Preliminary Project Seminars III
(Publicness) TATEIWA Shinya, NISHIKAWA Nagao, GOTOH Reiko
(Life) KOIZUMI Yoshiyuki, ENDO Akira, MATSUBARA Yoko
(Socio-Cultural Symbiosis) NISHI Masahiko, WATANABE Kozo, Paul Dumouchel
(Representation) KAMBAYASHI Tsunemichi, AKAMA Ryo, UEMURA Masayuki


•Project Seminars
Public-mindness in the 21st Century
TATEIWA Shinya, NISHIKAWA Nagao, GOTOH Reiko
Life as an Issue
KOIZUMI Yoshiyuki, ENDO Akira, MATSUBARA Yoko
Possibilities and limitations
NISHI Masahiko , WATANABE Kozo , Paul Dumouchel
Tradition and technology in cultural representation
KAMBAYASHI Tsunemichi, AKAMA Ryo, HOSOI Koichi

•Purpose
From Preliminary Project Seminars to Project Seminars


Upon successfully completing the Preliminary Project Seminars, students enter into the research community.

Preliminary Project Seminars are offered from the second semester of Year 1. In principle, these seminars are taught by the faculty members in charge of the projects. The seminars focus on one theme per semester. From the second half of Year 2, students are required to give presentations as members of joint Preliminary Project Seminars, which consist of graduate students and several faculty members.
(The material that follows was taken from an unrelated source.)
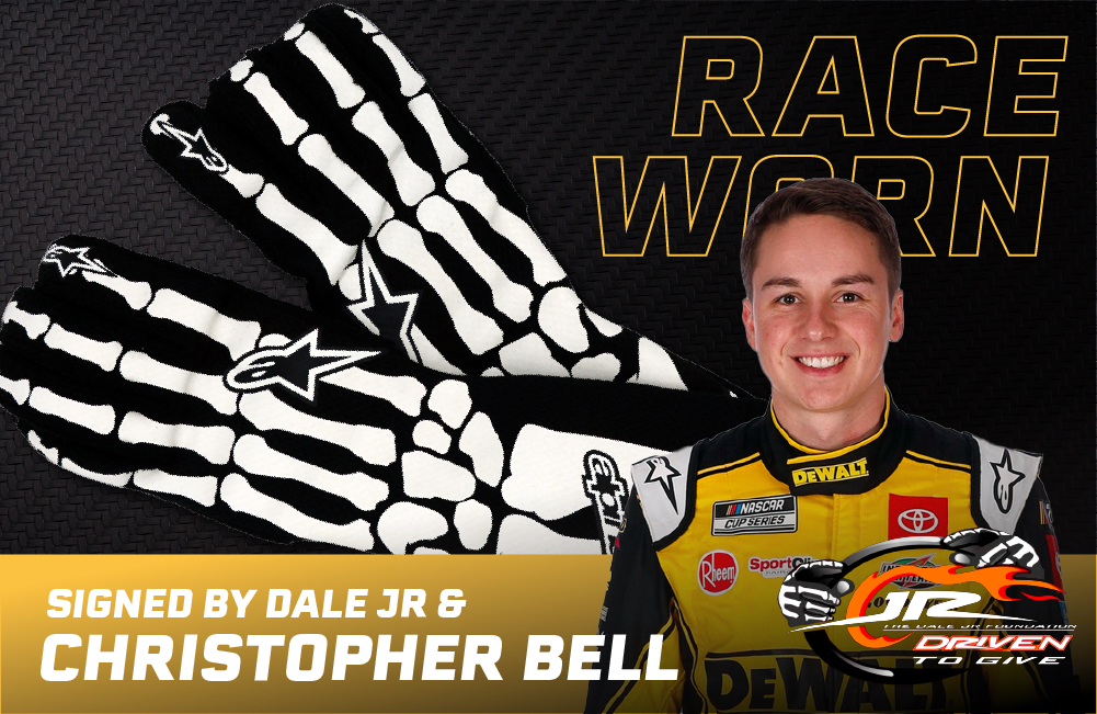 The winning bidder of this auction will receive Christopher Bell's race worn and signed NASCAR gloves from Bristol weekend. The gloves will also be hand-signed by Dale Earnhardt Jr.

Graduate students perform various research tasks in the seminars held by faculty members in charge of Preliminary Project Seminars, the joint Preliminary Project Seminars and the Project Seminars, the latter of which students participate in as associate members. At the end of Year 2, students are required to hand in and defend a Preparatory Doctoral Thesis.
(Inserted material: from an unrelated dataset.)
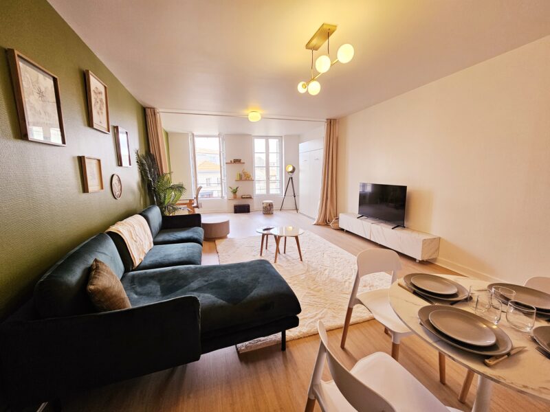Just a stone’s throw from all amenities, entertainment and restaurants, you can stroll along the pedestrianised streets, visit the cathedral (650 m away), the comics museum (1.7 km away), the Cinéma CGR (450 m away) and the Théâtre d’Angoulême scène nationale (280 m away).

In this way, the students, who come from different undergraduate backgrounds, receive a varied preparatory training through Year 2, after which they get the right to participate in projects as joint researchers.

Project Seminars feature experts from a wide variety of fields as both theme producers and project leaders. To promote interdisciplinary research, experts from various fields are invited to participate in the Project Seminars. Students are also obliged, as participating researchers, to report their research findings by contributing to the writing of the results of the project research itself, to the graduate school's bulletin, "Core Ethics", or to other academic journals, for example.

Each student submits a Doctoral Thesis in the final year. The thesis is based on a plan made jointly by the student and a faculty member. An individual's thesis research often differs from the the group project research.